Using the pyspark-notebook docker image. I can open a notebook via the browser and see the pyspark module is installed (help(‘modules’)). But when I try and use what appears to be the same python distribution (looking at the kernelspec) via the container command line, pyspark doesnt appear to be installed.
Aside from installing it as part of the build, am i missing something in terms of how jupyter prepares the environment when notebooks are initialised as a browser instance.
I can run pyspark from command line but ultimately im trying to run a pyspark based notebook from the command line using papermill.
Jupyter doesn’t really prepare environments at all, it runs in the environment you’ve given it.
When you’re working with two Python environments, it’s almost always down to the value of
sys.prefix because the two are operating in different Python environments.
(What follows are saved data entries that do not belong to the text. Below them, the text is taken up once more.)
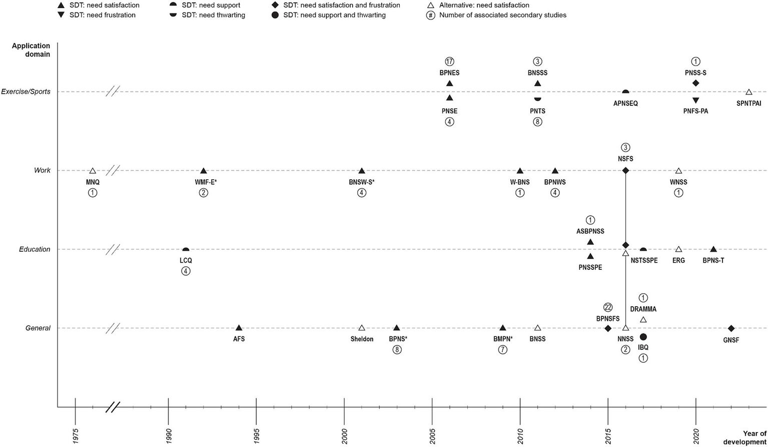 Chronological overview of the reviewed 31 original scales by domain, theoretical basis, and need fulfillment state. Slanted lines between the years 1975 and 1990 indicate a non-calibrated time gap; *related studies; AFS, Activity-feeling states scales; APNSEQ, Adolescent psychological need support in exercise questionnaire; ASBPNSS, Adolescent Students’ basic psychological needs at school scale; BMPN, Balanced measure of psychological needs scale; BNSS, Basic-needs-satisfaction scale; BNSSS, Basic needs satisfaction in sport scale; BNSW-S, Basic needs satisfaction at work scale; BPNES, Basic psychological needs in exercise scale; BPNS, Basic psychological needs scale; BPNSFS, Basic psychological need satisfaction and frustration scale; BPNS-T, Basic psychological needs scale for teachers; BPNWS, Basic psychological needs at work scale; DRAMMA, DRAMMA questionnaire; ERG, Existence, relatedness, and growth needs scale; GNSF, General need satisfaction and frustration scale; IBQ, Interpersonal behaviors questionnaire; LCQ, Learning climate questionnaire; MNQ, Manifest needs questionnaire; NNSS, Novelty need satisfaction scale; NSFS, Need satisfaction and frustration scale - educational and work contexts; NSTSSPE, Need-supportive teaching style scale in physical education; PNFS-PA, Psychological need frustration scale for physical activity; PNSE, Psychological need satisfaction in exercise scale; PNSSPE, Psychological needs satisfaction scale in physical education; PNSS-S, Psychological need states in sport-scale; PNTS, Psychological need thwarting scale; SPNTPAI, Satisfaction of psychological needs through physical activity instrument; Sheldon, “Sheldon scale”; W-BNS, Work-related basic need satisfaction scale; WMF-E, Work Motivation form-employee; WNSS, Work needs satisfaction scales.
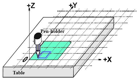 Проблема состоит в том, что квадрат будет нарисован не на бумаге как в примере на рисунке 7.1 а на столе в углу. Написанная подпрограмма измеряла расстояние от края листа, а станок меряет от своего нулевого положения.
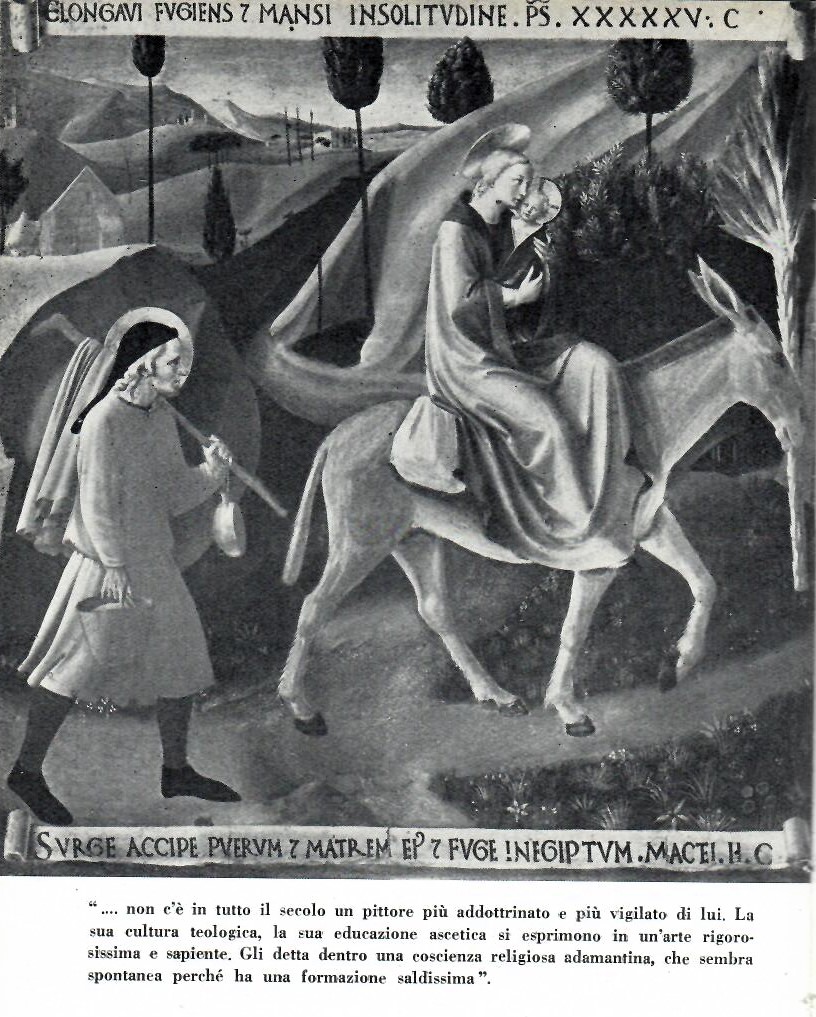 Non si arriva a capire l’arte così intensa e così sobria, così graziosa e nel tempo stesso così forte del Beato Angelico, senza pensare a qual fosse stata la sua formazione, non solo ascetica, ma anche teologica. L’assoluta coerenza stilistica sarà sorretta da una assoluta coerenza spirituale e, alla compostezza delle forme, all’armonia dei colori, corrisponderà la quadratura mentale e la delicatezza dell’anima religiosa. Tra gli artisti del primo Quattrocento, all’esordio dell’Umanesimo, il Beato Angelico si presenta (…) con una così ferma visione spirituale, che il suo naturalismo non correrà mai il rischio di smarrirsi in esteriorità piacevoli o in distrazioni decorative (p. 50).
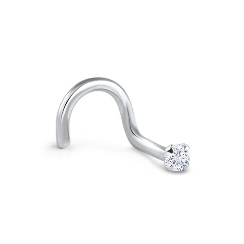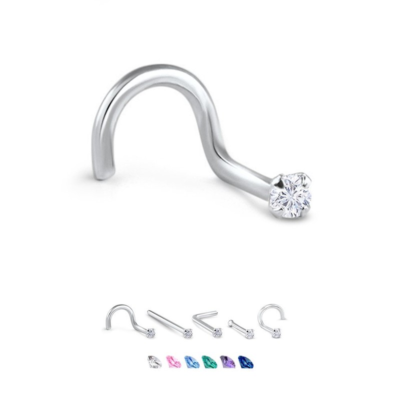 Titanium Lbend Nose Ring 3mm Round Stone Clear 20G

You can also check the value of
sys.path, which will show you where
import looks for packages.
If you’re running pyspark from its own command-line entrypoint and it’s not actually installed as a Python package, one of the things the pyspark script does is add itself to sys.path so you don’t really have to install it to use it. This results in exactly the kind of confusion you describe.
A long time ago, I made the tiny findspark, which does exactly this, but the other way around (look for spark and add it to sys.path), so that you can get similar behavior. But for personal use, you can generally replace it with a single call to
sys.path.extend with the right path for your environment prior to importing pyspark.